→ Directions for this task:
Word for word, retype the lines from the one containing "Given that the" to the one containing "Got the car" below, keeping both end lines and dropping the pictures.

→ Data to examine:
****

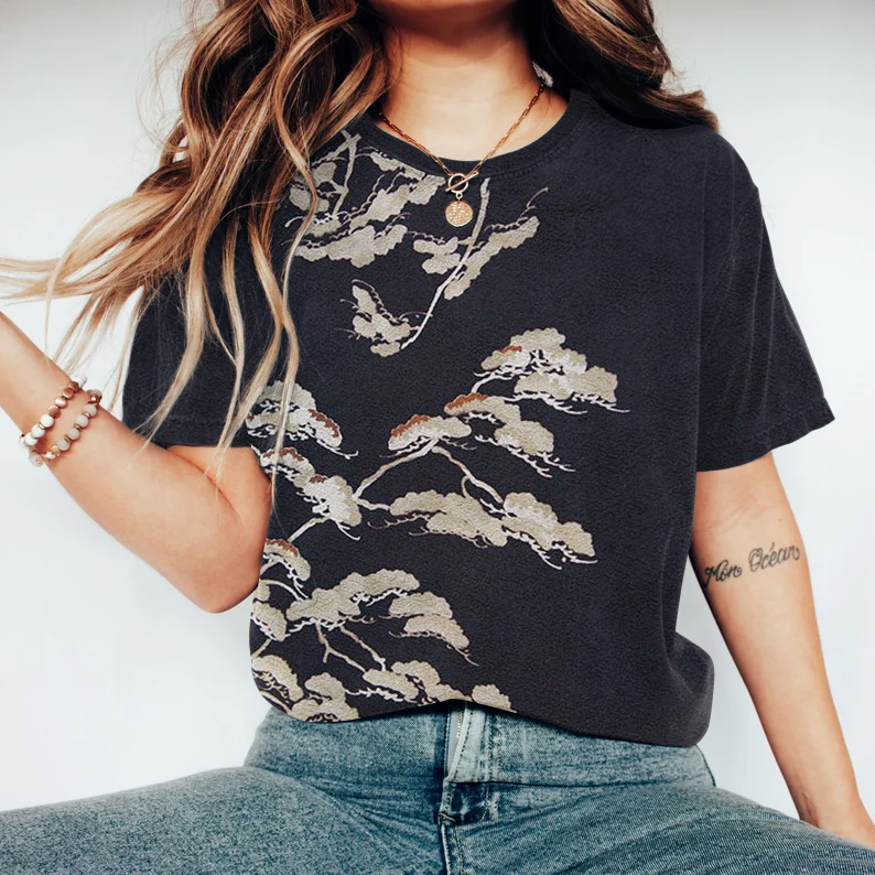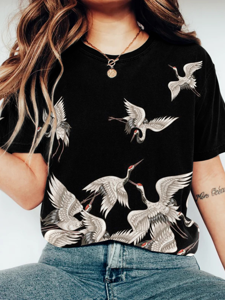 Cranes & Floral Embroidery Art Vintage T Shirt
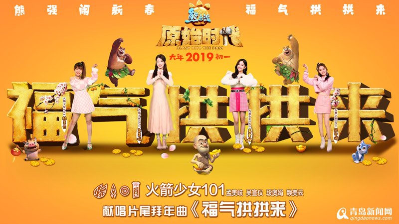 青島新聞網(wǎng)1月15日訊(記者張力偉)定檔2月5日大年初一上映的《熊出沒》第六部大電影《熊出沒·原始時(shí)代》,今日曝光由火箭少女101演唱的新年第一拜年神曲《福氣拱拱來》,同時(shí)發(fā)布歌曲音頻及MV。組合成員孟美岐、吳宣儀、段奧娟、賴美云分別為快樂、福氣、健康、財(cái)運(yùn)“代言”,向觀眾拜年?!缎艹鰶]·原始時(shí)代》將于大年初一2D、3D同步上映,火箭少女101將攜手全新《熊出沒·原始時(shí)代》拜年片尾曲,與觀眾一同迎接2019年春節(jié)的到來。
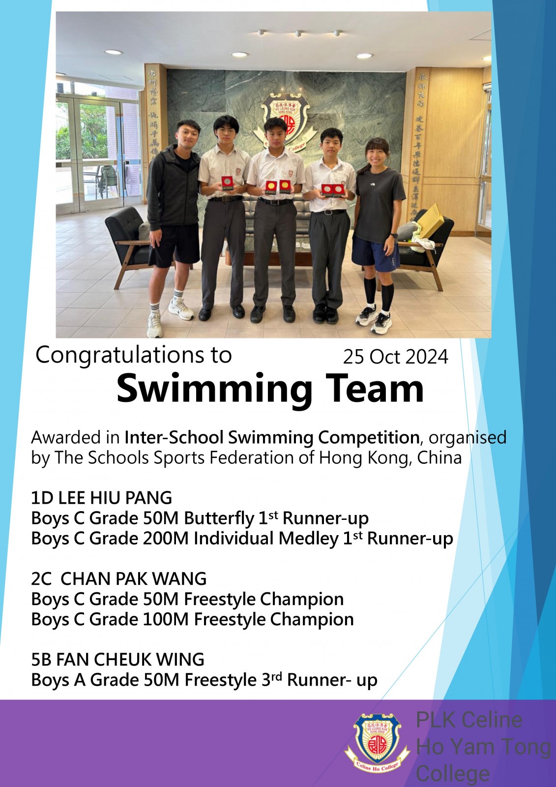 Grade A and Grade C Champion, 1st runner-up and 3rd runner-up in Inter-school Swimming Competition 2024
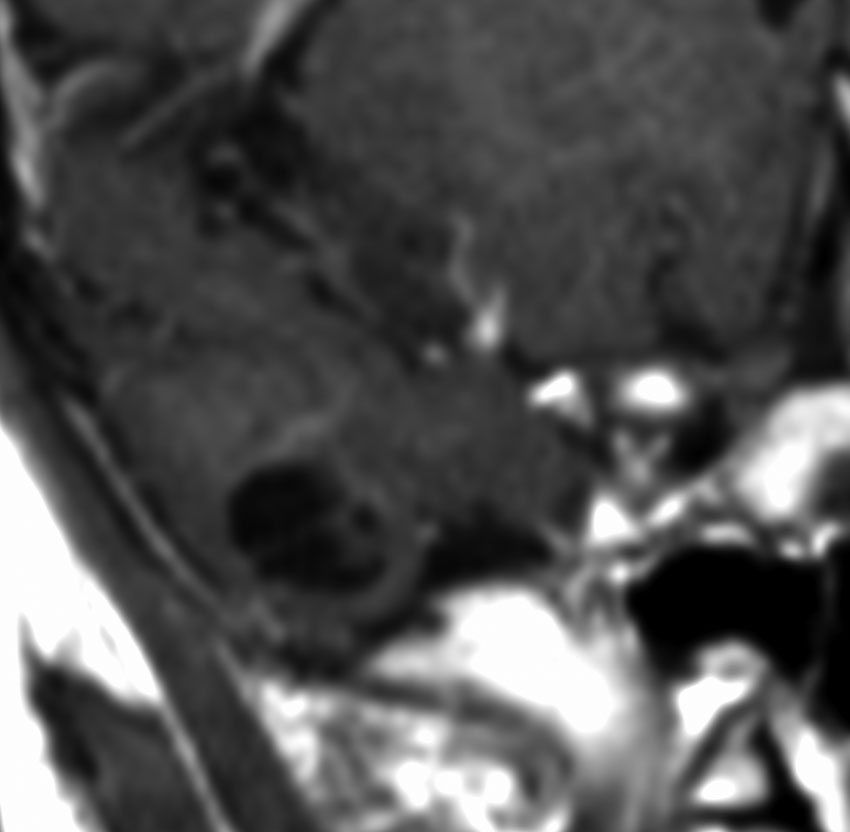 - 画像では,T2強調画像でまだらな高信号 salt and pepper sign,ガドリニウムで部分的に増強され,境界が不明瞭で染み込むように広がっています
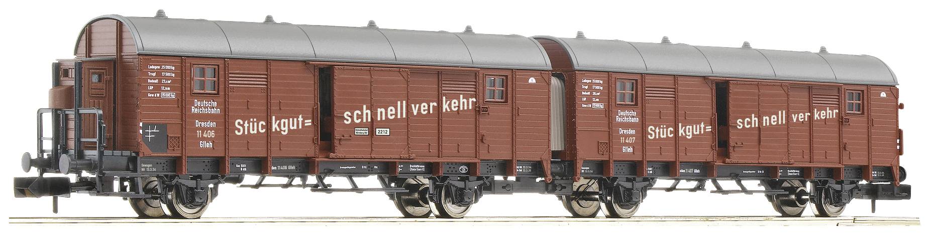 Leig-Wageneinheit 2, bestehend aus zwei gedeckten Güterwagen, Bauart Glleh „Dresden“, der Deutschen Reichsbahn-Gesellschaft
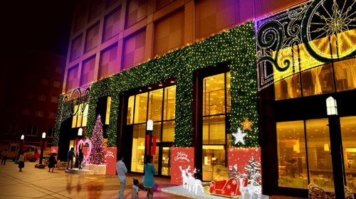 毎年好評のクリスマスイルミネーションが小倉井筒屋を優しく包みます。トナカイやハートのオーナメントなどフォトスポットもご用意。
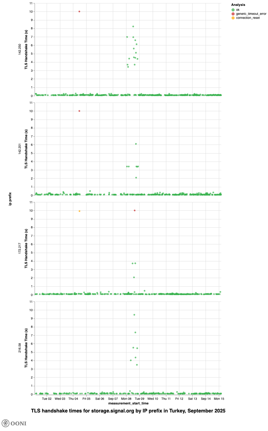 Given that the TLS handshake times for storage.signal.org were significantly longer than for 20 other hostnames sharing the same IP prefixes during the same period (from 1st to 15th September 2025), there is strong indication that access to Signal was throttled in Türkiye.
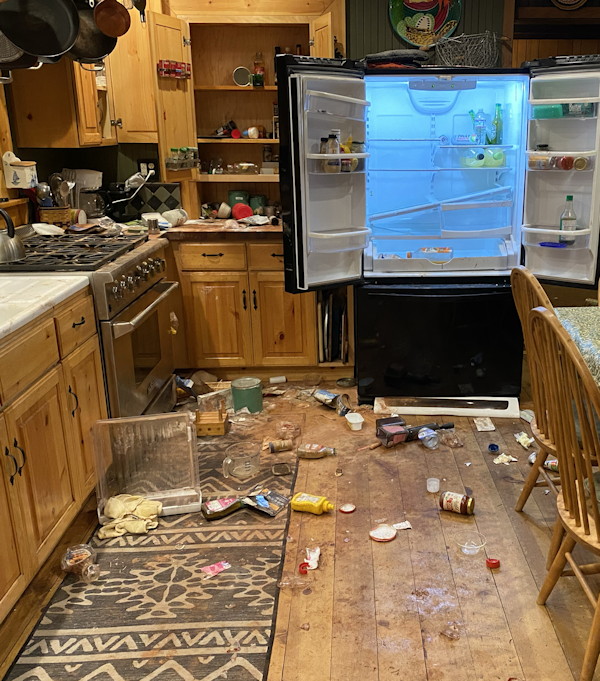 They made a mess in the kitchen and living room but didn't get into the rest of the house.
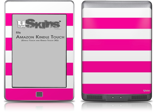 Psycho Stripes Hot Pink and White - Decal Style Skin (fits Amazon Kindle Touch Skin)
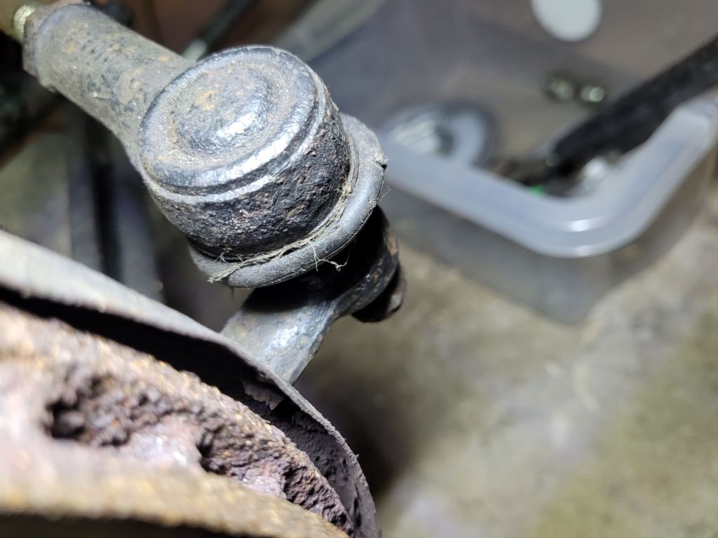 Got the car jacked up under the front cross member and axle stands under the front chassis frame. Wheels off and slackened the tracking adjustment nut. The track rod ends came away surprisingly easily – usually have to prise them off. They seemed a bit sloppy so I am replacing them.
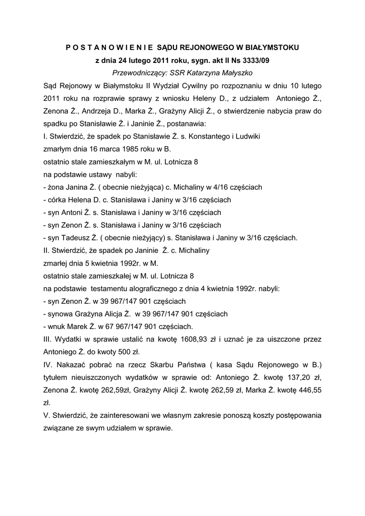 P O S T A N O W I E N I E SĄDU REJONOWEGO W BIAŁYMSTOKU z dnia 24 lutego 2011 roku, sygn. akt II Ns 3333/09 Przewodniczący: SSR Katarzyna Małyszko Sąd Rejonowy w Białymstoku II Wydział Cywilny po rozpoznaniu w dniu 10 lutego 2011 roku na rozprawie sprawy z wniosku Heleny D., z udziałem Antoniego Ż., Zenona Ż., Andrzeja D., Marka Ż., Grażyny Alicji Ż., o stwierdzenie nabycia praw do spadku po Stanisławie Ż. i Janinie Ż., postanawia: I. Stwierdzić, że spadek po Stanisławie Ż. s. Konstantego i Ludwiki zmarłym dnia 16 marca 1985 roku w B. ostatnio stale zamieszkałym w M. ul. Lotnicza 8 na podstawie ustawy nabyli: - żona Janina Ż. ( obecnie nieżyjąca) c. Michaliny w 4/16 częściach - córka Helena D. c. Stanisława i Janiny w 3/16 częściach - syn Antoni Ż. s. Stanisława i Janiny w 3/16 częściach - syn Zenon Ż. s. Stanisława i Janiny w 3/16 częściach - syn Tadeusz Ż. ( obecnie nieżyjący) s. Stanisława i Janiny w 3/16 częściach. II. Stwierdzić, że spadek po Janinie Ż. c. Michaliny zmarłej dnia 5 kwietnia 1992r. w M. ostatnio stale zamieszkałej w M. ul. Lotnicza 8 na podstawie testamentu alograficznego z dnia 4 kwietnia 1992r. nabyli: - syn Zenon Ż. w 39 967/147 901 częściach - synowa Grażyna Alicja Ż. w 39 967/147 901 częściach - wnuk Marek Ż. w 67 967/147 901 częściach. III. Wydatki w sprawie ustalić na kwotę 1608,93 zł i uznać je za uiszczone przez Antoniego Ż. do kwoty 500 zł. IV. Nakazać pobrać na rzecz Skarbu Państwa ( kasa Sądu Rejonowego w B.) tytułem nieuiszczonych wydatków w sprawie od: Antoniego Ż. kwotę 137,20 zł, Zenona Ż. kwotę 262,59zł, Grażyny Alicji Ż. kwotę 262,59 zł, Marka Ż. kwotę 446,55 zł. V. Stwierdzić, że zainteresowani we własnym zakresie ponoszą koszty postępowania związane ze swym udziałem w sprawie. UZASADNIENIE Wnioskodawczyni Helena D. po ostatecznym sprecyzowaniu stanowiska wniosła o stwierdzenie nabycia spadku po zmarłym w dniu 16 marca 1985 roku Stanisławie Ż. na podstawie ustawy, zaś po zmarłej w dniu 5 kwietnia 1992 roku Janinie Ż. na podstawie testamentu alograficznego sporządzonego w dniu 4 kwietnia 1992 roku. Kwestionowała istnienie testamentu sporządzonego przez ojca Stanisława Ż. oraz przesłankę istnienia obawy rychłej śmierci testatora w sugerowanej dacie sporządzenia testamentu. Wniosła o nieobciążanie jej kosztami postępowania. Uczestnicy postępowania Antoni Ż. i Andrzej D. ostatecznie przychylili się do stanowiska wnioskodawczyni. Uczestnik postępowania Zenon Ż. wniósł o stwierdzenie nabycia spadku po ojcu Stanisławie Ż. na mocy utraconego testamentu szczególnego sporządzonego w obecności trzech świadków i podpisanego przez testatora w dniu 1 marca 1985 roku - w całości na swoją rzecz oraz o stwierdzenie spadku po Janinie Ż. na podstawie testamentu alograficznego z dnia 4 kwietnia 1992 roku na rzecz: Zenona Ż., Grażyny Alicji Ż. i Marka Ż. stosownie do udziałów w masie spadkowej. Uczestnicy Marek Ż. i Grażyna Alicja Ż. poparli w całości stanowisko Zenona Ż. Sąd Rejonowy ustalił, co następuje: Spadkodawca Stanisław Ż. zmarł 16 marca 1985 roku w B. Stale zamieszkiwał w M. przy ul. Lotniczej 8. W dacie zgonu był żonaty z Janiną Ż. i miał czworo dzieci: Antoniego Ż., Tadeusza Ż. (zmarły dnia 13 grudnia 1999 roku), Zenona Ż. i Helenę D. Spadkodawczyni Janina Ż. zmarła 5 kwietnia 1992 roku w M. Stale zamieszkiwała w M. przy ul. Lotniczej 8. W dacie zgonu była wdową. Pozostawiła po sobie czworo dzieci: Antoniego Ż., Tadeusza Ż. (zmarły dnia 13 grudnia 1999 roku), Zenona Ż. i Helenę D. Tadeusz Ż. zmarł dnia 13 grudnia 1999 roku w G. Sąd Rejonowy w G. postanowieniem z dnia 29 lutego 2000 roku stwierdził, że spadek po Tadeuszu Ż. na podstawie testamentu własnoręcznego w całości nabył Andrzej D. (siostrzeniec). W dniu 1 marca 1985 roku Stanisław Ż. w obecności trzech świadków: Eugeniusza P., Ryszarda W. i Bogusława W. oraz przy obecności Janiny Ż., Grażyny Alicji Ż. i Zenona Ż. wyraził ostatnią wolę, która została spisana przez Bogusława W., podpisana przez testatora i obecnych świadków. Testament był w posiadaniu Zenona Ż. i uległ zniszczeniu w dniu 25 października 2000 roku podczas pożaru, który miał miejsce w zajmowanym przez niego domu przy ul. Lotniczej 8 w M. Spadkodawczyni Janina Ż. pozostawiła testament alograficzny sporządzony w obecności zastępcy Burmistrza Miasta i Gminy w M. i obecnych świadków. Testament został sporządzony i podpisany przez spadkodawczynię Janinę Ż. i obecnych świadków oraz przez zastępcę burmistrza i opatrzony datą 4 kwietnia 1992 roku. Sąd Rejonowy w B. postanowieniem z dnia 26 marca 2010 roku w sprawie II Ns 723/10 sprostował akt urodzenia, akt małżeństwa i akt zgonu Stanisława Ż., w ten sposób, że w miejscach błędnie wpisanego nazwiska wpisał nazwisko w sposób prawidłowy, w miejsce nieprecyzyjnie określanej daty i źle wpisanego miejsca urodzenia „1906 roku” , „Łopiuchy”, wpisał datę „1 maja 1906 roku”, „Goniądz”. Przed śmiercią Stanisław i Janina małżonkowie Ż. umową przekazania własności gospodarstwa rolnego z dnia 20 lipca 1978 roku przekazali Zenonowi i Grażynie Alicji małżonkom Ż. gospodarstwo rolne ogólnej powierzchni 17,37 ha położone na terenie wsi Ł. Spadkobiercy do śmierci byli użytkownikami wieczystymi działki gruntu o powierzchni 0,0628 oznaczonej numerem 797 położonej w M. zabudowanej budynkiem mieszkalnym i gospodarczym. Sąd Rejonowy zważył, co następuje : Postępowanie o stwierdzenie nabycia spadku ma na celu ustalenie, czy osoba wskazana we wniosku jako spadkodawca zmarła oraz kto i na jakiej podstawie (ustawy czy też testamentu) jest jej spadkobiercą. Przy tym jeżeli spadkodawca nie pozostawił testamentu, to wówczas przepisy kodeksu cywilnego stanowią w swej treści kto, i z jakim udziałem dziedziczy spadek po osobie zmarłej.

****

→ Written response:
 Given that the TLS handshake times for storage.signal.org were significantly longer than for 20 other hostnames sharing the same IP prefixes during the same period (from 1st to 15th September 2025), there is strong indication that access to Signal was throttled in Türkiye.
 They made a mess in the kitchen and living room but didn't get into the rest of the house.
 Psycho Stripes Hot Pink and White - Decal Style Skin (fits Amazon Kindle Touch Skin)
 Got the car jacked up under the front cross member and axle stands under the front chassis frame. Wheels off and slackened the tracking adjustment nut. The track rod ends came away surprisingly easily – usually have to prise them off. They seemed a bit sloppy so I am replacing them.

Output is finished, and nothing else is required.